Winter 2022

Rideshare Drivers Prop 22 Pay Study!

Eye-opening Data to Motivate Change

by Tyler Sandness, RDU Support Staff

The Prop 22 pay study is out! What we learned was eye-opening; when we look at all the time spent on the road, and all the expenses that drivers pay, along with the many benefits we miss out on as misclassified contractors, we only make on average $6.20 an hour!   

In  October 2021, over 50 RDU drivers signed up to independently collect their driving data and test what the earnings ACTUALLY were under Prop 22. Through Drivers Seat Co-op - an app that ran simultaneously with the driver app - drivers collected real-time data on when they accepted a ride, where they picked riders up, where they were dropped off, how many hours they worked, and how many miles they drove. Over the period of a month, data was collected on 12,000+ rides across the entire state; from the Bay Area, to the Central Valley, to the Southlands. 

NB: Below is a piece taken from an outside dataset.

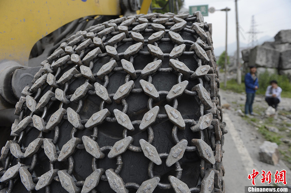 4月21日,四川省雅安市宝兴县灵关镇施工车辆轮胎穿上了铁链。廖攀 摄

Through much of this year, we analyzed what was collected, took a realistic look at expenses incurred by rideshare drivers, and created a formula to determine the true net earnings that drivers make under Prop 22.

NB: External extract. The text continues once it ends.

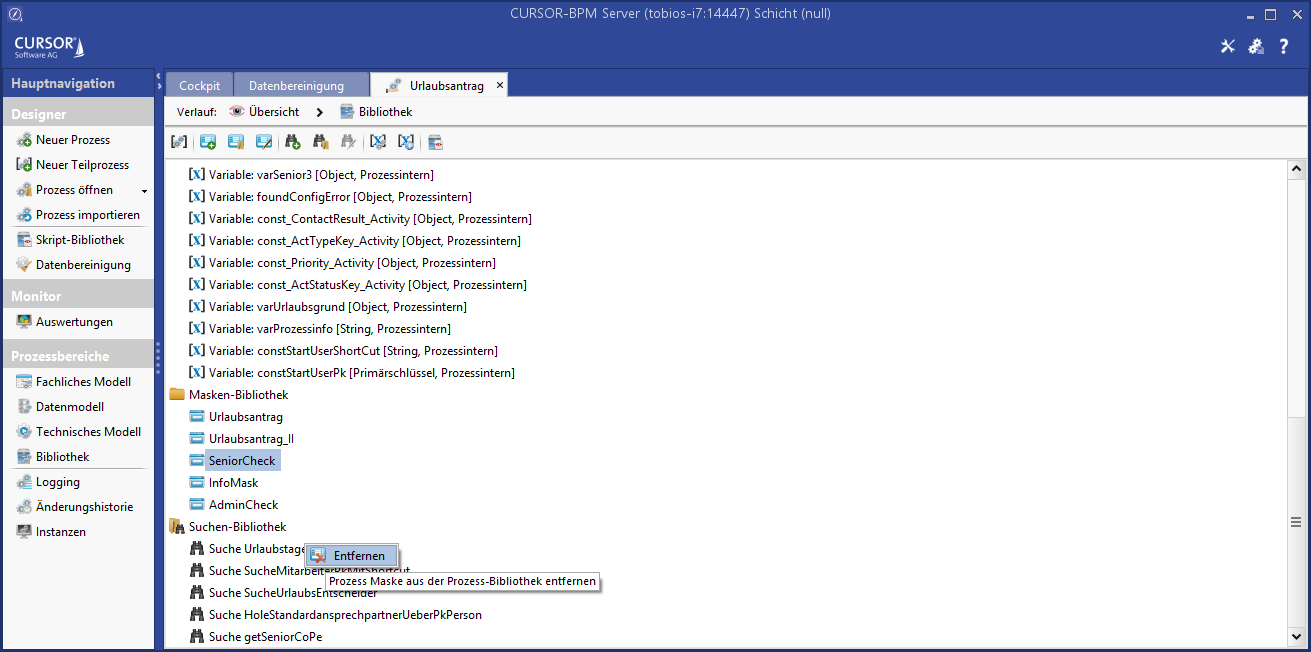 Suchen und Masken aus dem CURSOR Standard oder einem Partnermodul können unabhängig vom Prozess übersteuert werden. Zum Zeitpunkt des Veröffentlichens wird die Definition aus der höchsten Customizing-Schicht geladen. Durch das Entfernen einer übersteuerten Suche oder Maske man den Ursprungszustand im Prozess wiederherstellen.

In our calculations we included: expenses for the operation, depreciation, and maintenance of our cars; the extra burden of self-employment taxes we pay; the amount we need to save for an unexpected “rainy-day” (to make up for no access to social safety net programs like unemployment, workers comp, and paid sick days, etc.); and health insurance. These expenses alone can eat up between 70% and 80% of what the company pays us! By applying the formula to the pay drivers received during the study period to the actual number of miles and minutes spent driving, drivers averaged $6.20 an hour! 

This pay study really shows the dangers of misclassification: by categorizing us as Independent Contractors, Lyft & Uber have shoved the operating costs of their business onto drivers, but have denied us the ability to negotiate our pay and contract terms. The squeeze we are feeling from shrinking wages and growing expenses is very real. 

This study also shows why Prop 22 needs to be overturned, and why we need to stop these companies from “selling” this bogus business model to the rest of the country.